-- Dataset entries --
━━━━━━━━━━━━━━━━━━━━━━━━━━━━━━
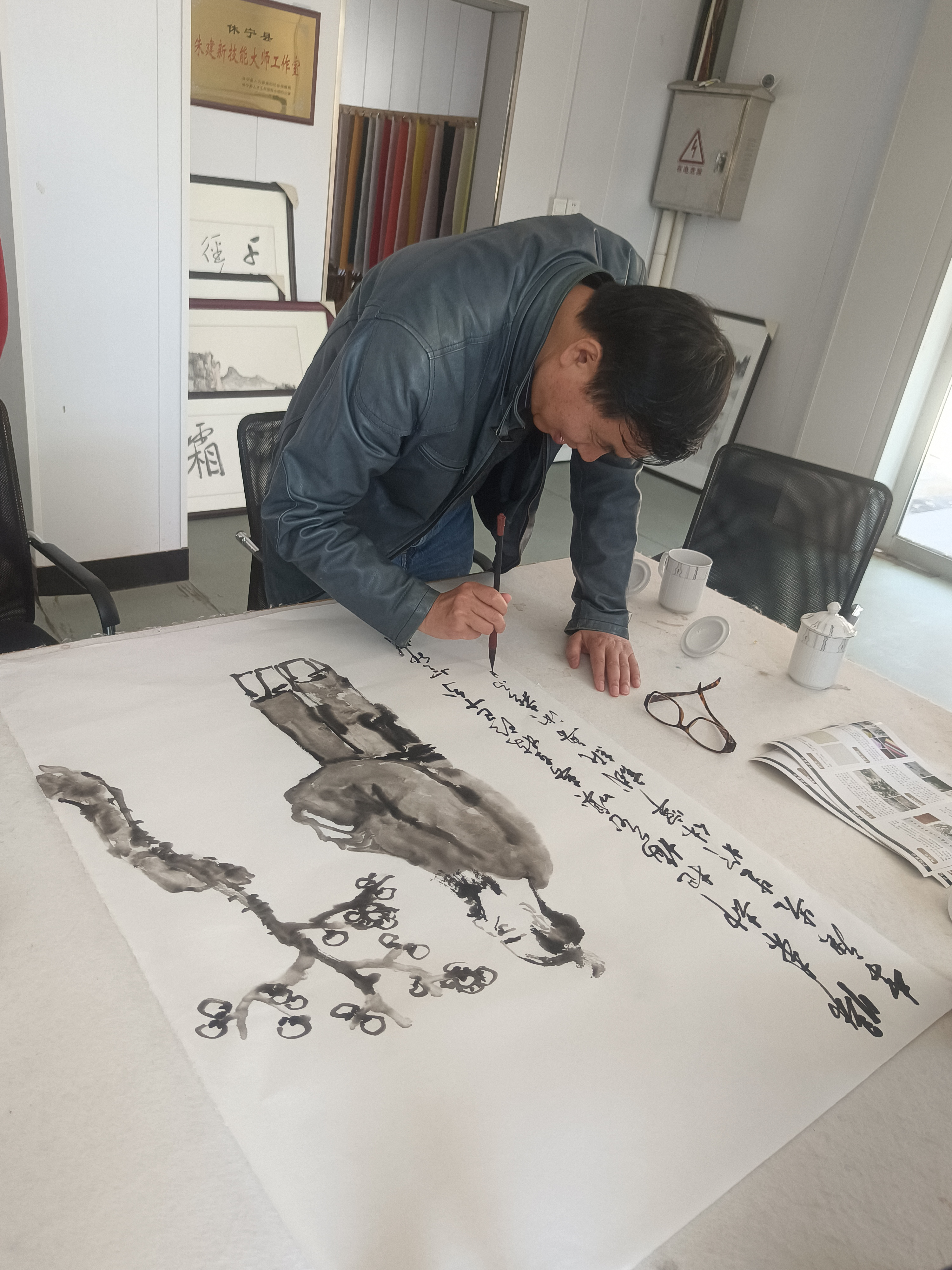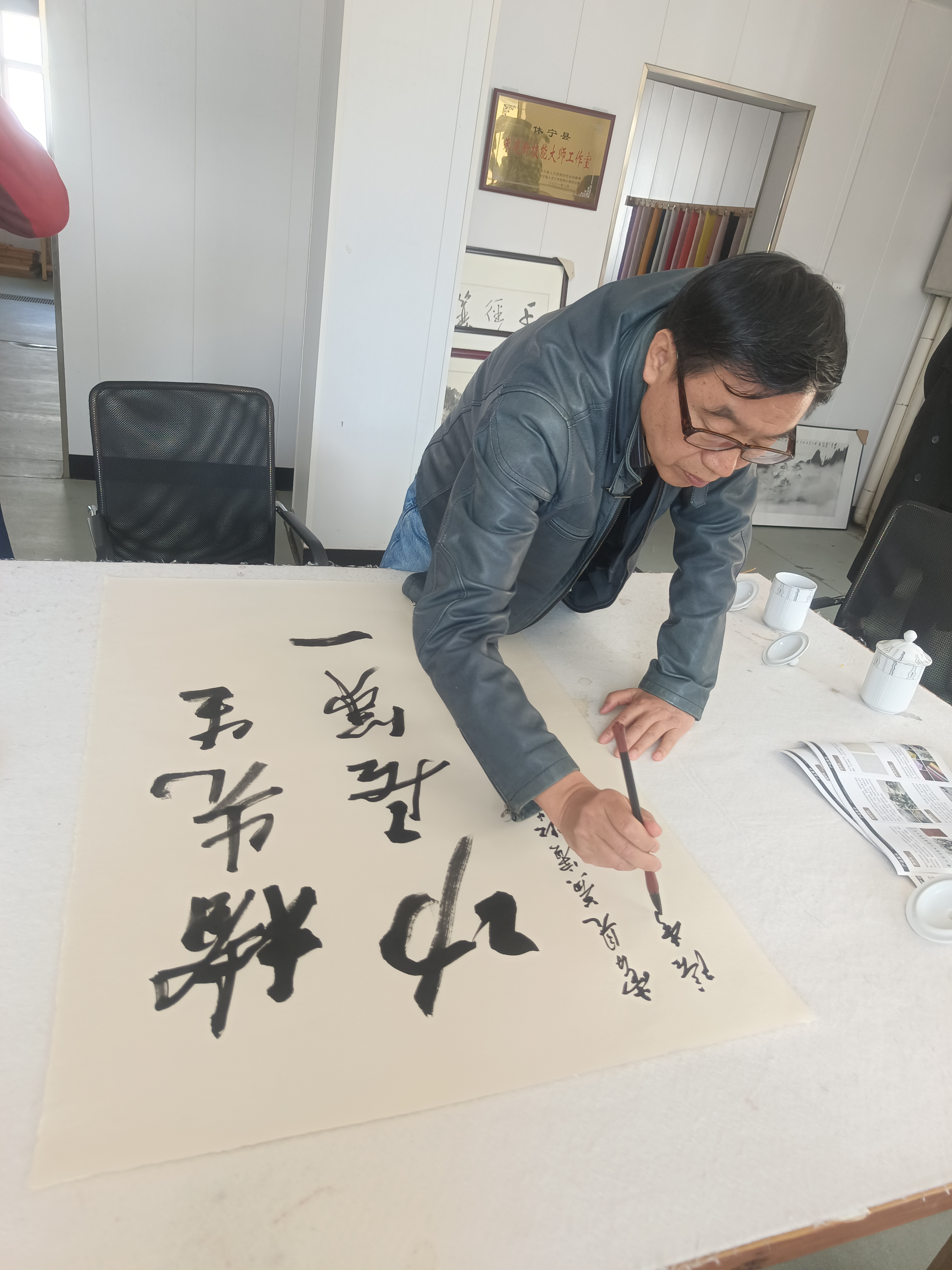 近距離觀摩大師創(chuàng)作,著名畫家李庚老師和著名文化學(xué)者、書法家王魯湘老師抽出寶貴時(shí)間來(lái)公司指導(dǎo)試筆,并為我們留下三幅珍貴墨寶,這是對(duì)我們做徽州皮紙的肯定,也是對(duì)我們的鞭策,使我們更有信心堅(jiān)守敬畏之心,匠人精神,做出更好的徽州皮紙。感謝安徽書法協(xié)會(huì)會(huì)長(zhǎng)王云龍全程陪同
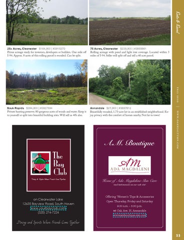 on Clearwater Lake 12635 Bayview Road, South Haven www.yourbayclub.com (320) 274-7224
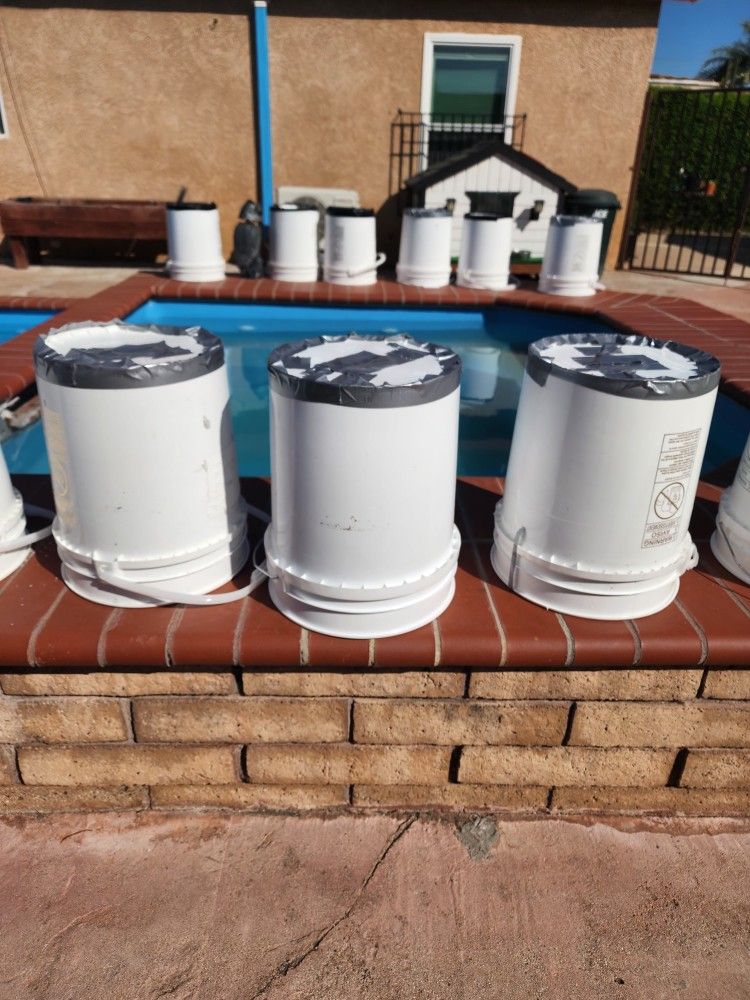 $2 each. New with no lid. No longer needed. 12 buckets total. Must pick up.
━━━━━━━━━━━━━━━━━━━━━━━━━━━━━━
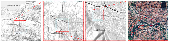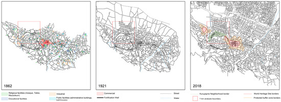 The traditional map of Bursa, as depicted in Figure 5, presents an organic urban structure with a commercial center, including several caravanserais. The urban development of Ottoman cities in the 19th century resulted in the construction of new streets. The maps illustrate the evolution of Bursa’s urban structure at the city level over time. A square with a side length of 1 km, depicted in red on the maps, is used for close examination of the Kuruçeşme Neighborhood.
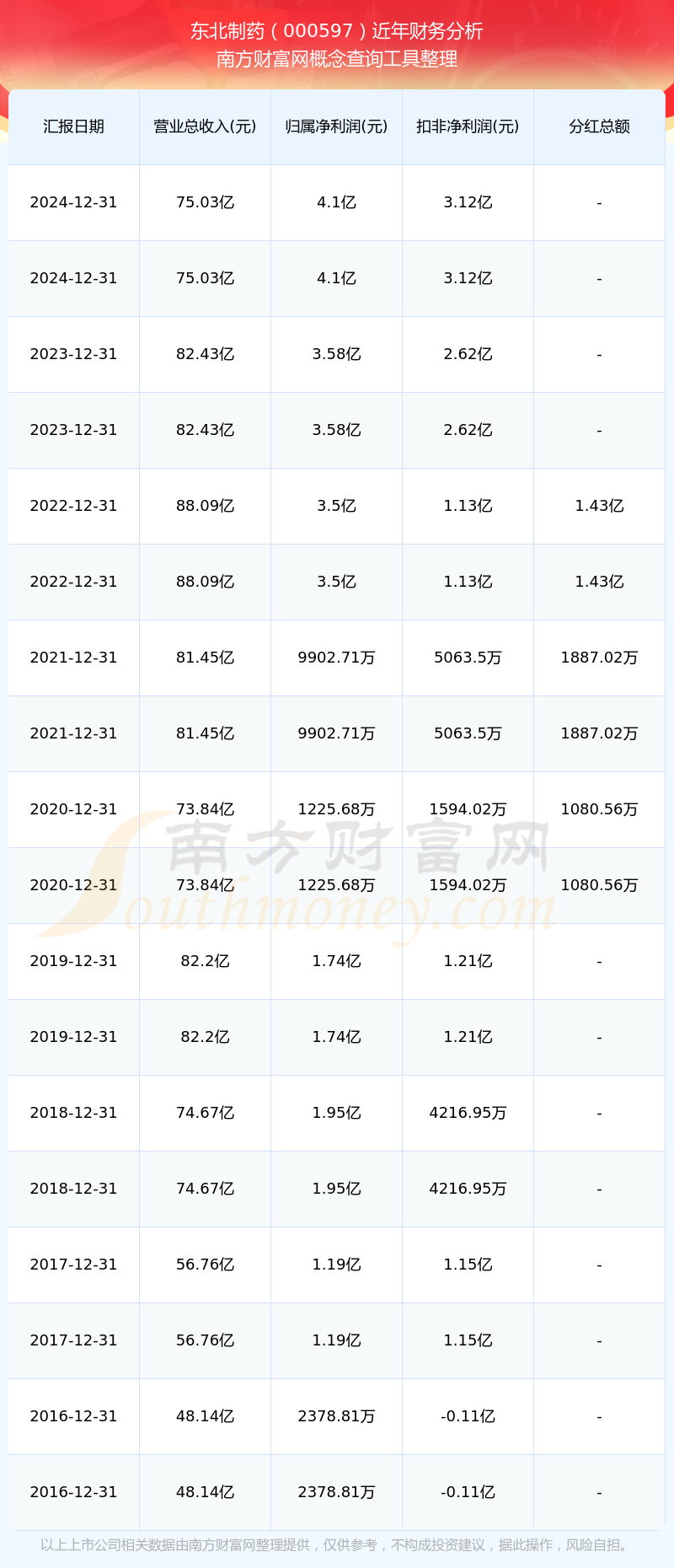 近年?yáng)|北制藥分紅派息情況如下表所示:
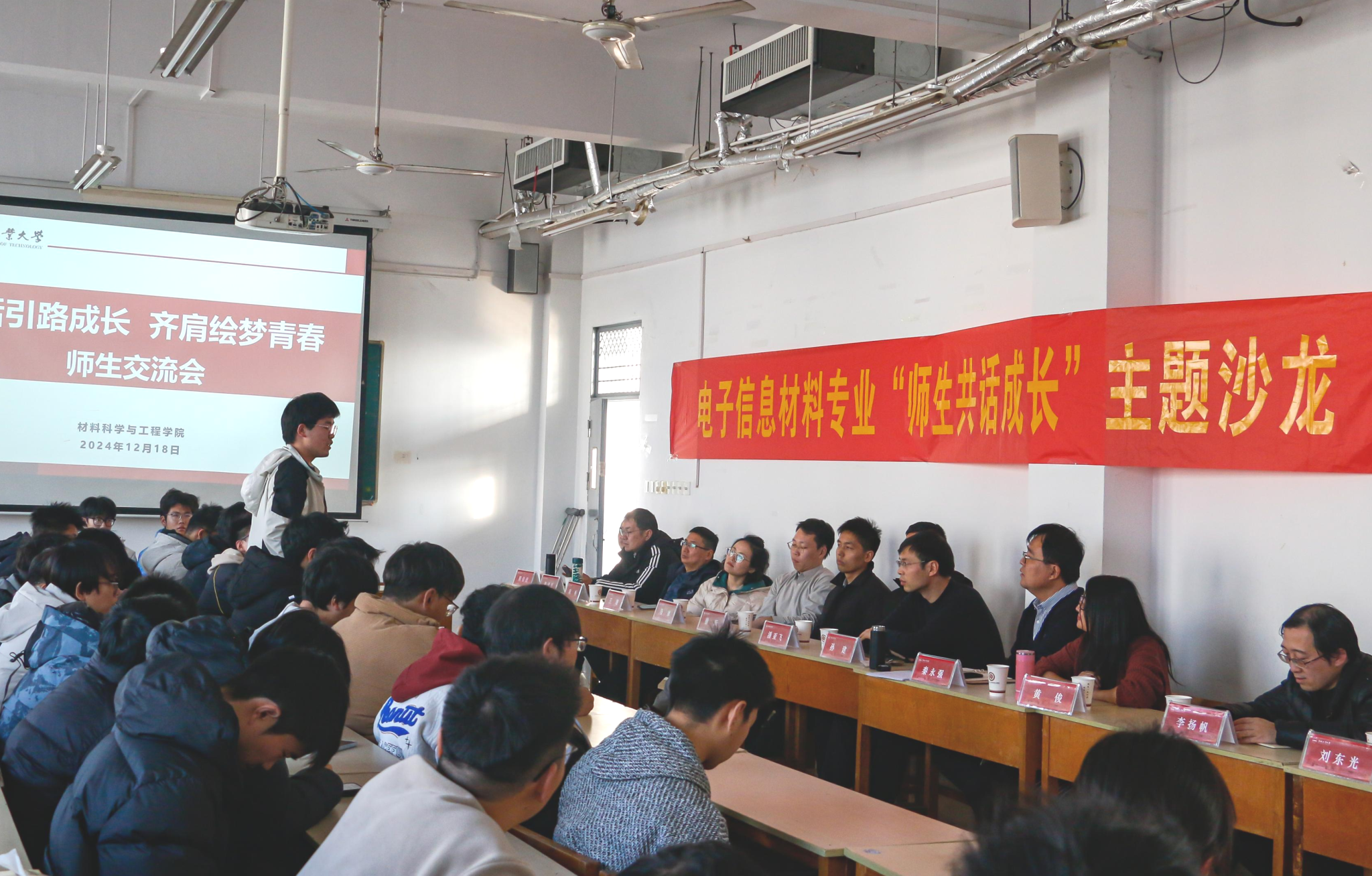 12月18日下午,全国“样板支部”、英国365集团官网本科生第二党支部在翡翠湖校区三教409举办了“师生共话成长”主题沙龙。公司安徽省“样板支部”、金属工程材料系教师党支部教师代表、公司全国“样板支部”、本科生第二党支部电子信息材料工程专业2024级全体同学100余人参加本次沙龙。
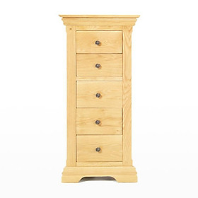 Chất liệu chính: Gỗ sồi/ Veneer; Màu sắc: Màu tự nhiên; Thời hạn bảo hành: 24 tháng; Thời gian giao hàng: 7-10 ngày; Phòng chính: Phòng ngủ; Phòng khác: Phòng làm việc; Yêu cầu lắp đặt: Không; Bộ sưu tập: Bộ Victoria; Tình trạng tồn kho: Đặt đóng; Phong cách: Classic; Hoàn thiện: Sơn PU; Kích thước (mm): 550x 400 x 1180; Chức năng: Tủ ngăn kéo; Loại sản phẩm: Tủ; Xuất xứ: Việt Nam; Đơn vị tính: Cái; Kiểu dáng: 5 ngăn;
━━━━━━━━━━━━━━━━━━━━━━━━━━━━━━
-- Your assignment --
How would the lines above read from the one with "近距離觀摩大師創(chuàn" to the one with "Must pick up.", inclusive, with no pictures? Write them out exactly.

-- Exercise output --
 近距離觀摩大師創(chuàng)作,著名畫家李庚老師和著名文化學(xué)者、書法家王魯湘老師抽出寶貴時(shí)間來(lái)公司指導(dǎo)試筆,并為我們留下三幅珍貴墨寶,這是對(duì)我們做徽州皮紙的肯定,也是對(duì)我們的鞭策,使我們更有信心堅(jiān)守敬畏之心,匠人精神,做出更好的徽州皮紙。感謝安徽書法協(xié)會(huì)會(huì)長(zhǎng)王云龍全程陪同
 on Clearwater Lake 12635 Bayview Road, South Haven www.yourbayclub.com (320) 274-7224
 $2 each. New with no lid. No longer needed. 12 buckets total. Must pick up.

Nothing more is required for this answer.